At first glance, the cake seems complicated, but it really isn’t.  The first stage has you bring cream, butter and salt to a boil, and then that is poured over brown sugar and then whisked together.  Once this is creamy, you pour it into the bottom of your pan.   The original recipe made one 9×13 AND one 8×8 pan of cake.  Cut in half, I took a shot and simply used my large oval stoneware baker and used that.  I poured the brown sugar mixture in and set it on the back porch to cool and set up.

One word of advice here.  When you set something sticky and gooey on the back porch on an extremely blustery day, cover it, or don’t be surprised to find little bits of who-knows-what and leaves sticking to your goo.

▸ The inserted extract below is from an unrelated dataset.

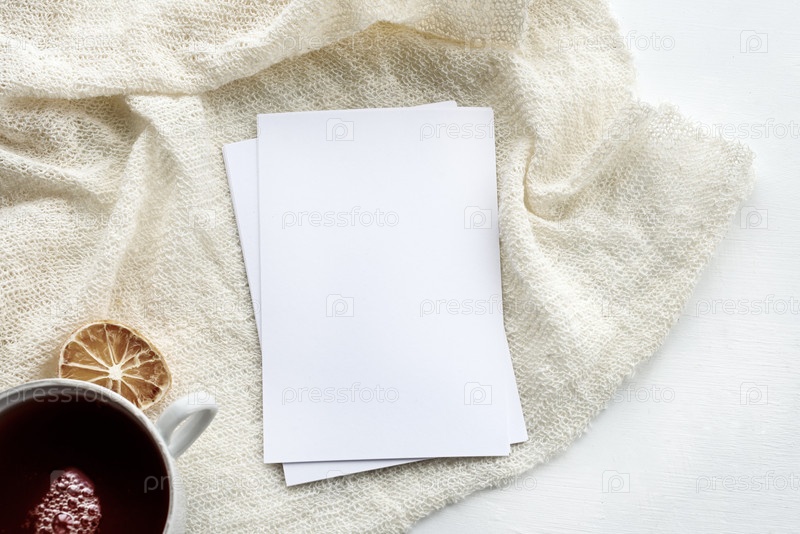 Сцена раскладки канцелярских товаров в светлом ключе. Пустая вертикальная открытка и белая чашка чая

Once set, I mixed up the batter.  Again, easy as pie.  I beat butter with sugar and vanilla, and then eggs.  In a separate bowl I combined flour, almond meal, salt and baking powder.  The almond meal definitely intrigued me.  Essentially, it’s simply finely ground almonds, and I wondered what it was contributing to this cake.  Flavor? Texture? Both? The next part was definitely the trickiest as I gently dolloped the batter onto the brown sugar layer.  Once all the batter was in the pan, I very slowly and gently spread it with my offset spreader to the edges, and then the cake went in the oven for 55 minutes.  When the cake came out, I set it aside to cool briefly before flipping it out onto a serving plate.  There was no way that I was waiting any longer to dig into this cake!

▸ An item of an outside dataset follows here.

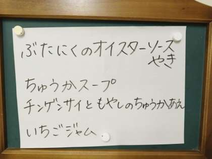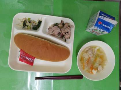 今日の献立は、コッペパン、牛乳、豚肉のオイスターソース焼き、中華スープ、チンゲンサイともやしの中華あえ、いちごジャムです。

The brown sugar mixture baked up into a rather decadent caramel, which oozes seamlessly into the cake layer.  The cake itself is light and airy in texture, but no-where near dry, in fact it’s almost damp, and very buttery in flavor.  Carolyn served this up with some lightly sauteed apples and ice cream, and I think that is a totally spot-on way to serve it.  I will be doing that later on today, in fact.  This has to be one of the best cakes I’ve ever tasted.  The caramel kind of firms up as it sits and acts as almost a frosting layer of the cake.  It is obscenely rich and unctuous, and exactly what I would expect from a sophisticated dessert menu.  This cake could easily star in any formal dinner party plan, but at the same time, the rustic charm of it also appeals to the everyday now and then treat.  Since even a half batch of cake made a small ton of pastry, I am going to cut small pieces and put them in the freezer to see how they fare that way.  Imagine, a cold winter night, a mug of spiced cider or hot cocoa, and a small piece of Brown Sugar Cake, gently warmed in the microwave.  I get shivers just thinking about it.

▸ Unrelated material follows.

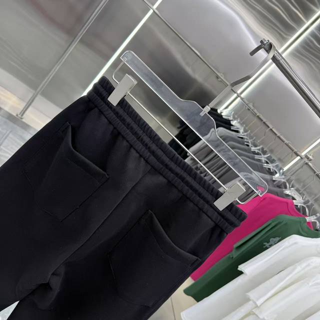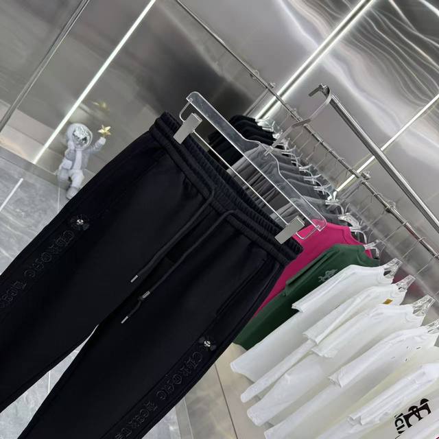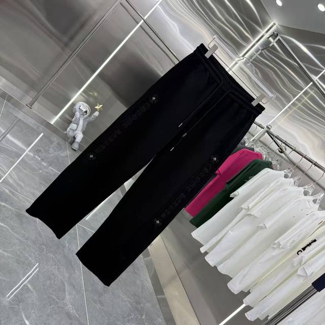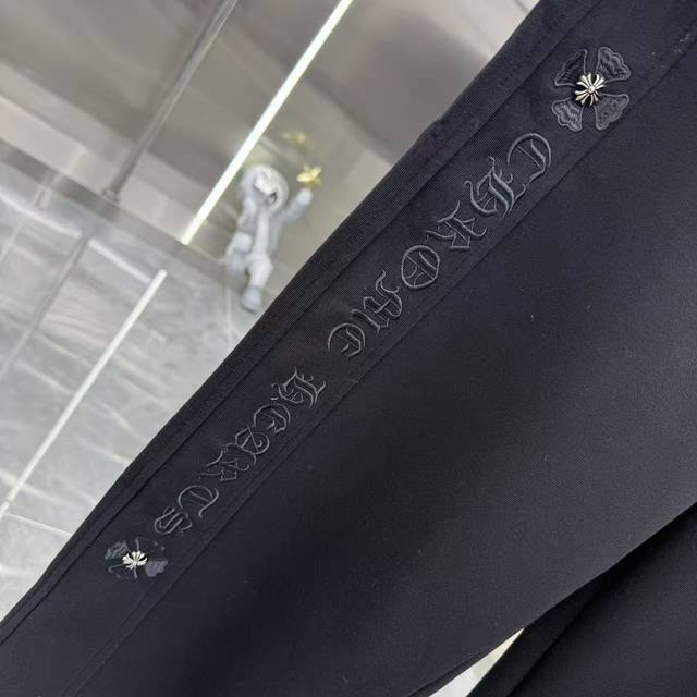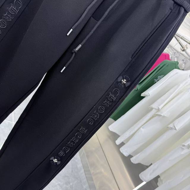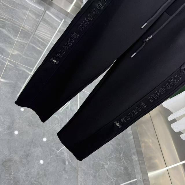 Ch 2025 Autumn/Winter New Style Wide-Leg Casual Pants with Side Embroidery Lettering, Exclusive Custom Fabric, Black & Gray, Five Sizes: M, L, XXL, Xxxl,

And while you’re thinking about it, do head over to Tasting Spoons and say hi to Carolyn and see what she’s up to today.  If you’d like to get your grubby paws on a copy of the recipe for Brown Sugar Cake, you’ll have to head on over there to get one.  If you’re contemplating this recipe and the almond meal is throwing you- don’t let it.  Since receiving mine from Carolyn, I’ve spotted it in several stores under the name of “finely ground almonds”.  It almost looks like flour- it’s that fine, and that’s what you want.

Thank you Carolyn for sending me the almond meal.  It gave me just the impetus I needed to actually make the cake, and oh my, is it a great one! This is going into the company’s coming folder, that’s for certain.

1 thought on “Now This Is A Cake

  1. I’m glad you enjoyed the cake, Erika. If you liked that one, hope you’ll go try the Applesauce Spice Cake that’s also on my blog. Maybe I mentioned it in the original post for THIS cake, but I think it’s better than this one. Lighter. Wonderful caramel frosting that drips. It doesn’t have almond meal in it, though.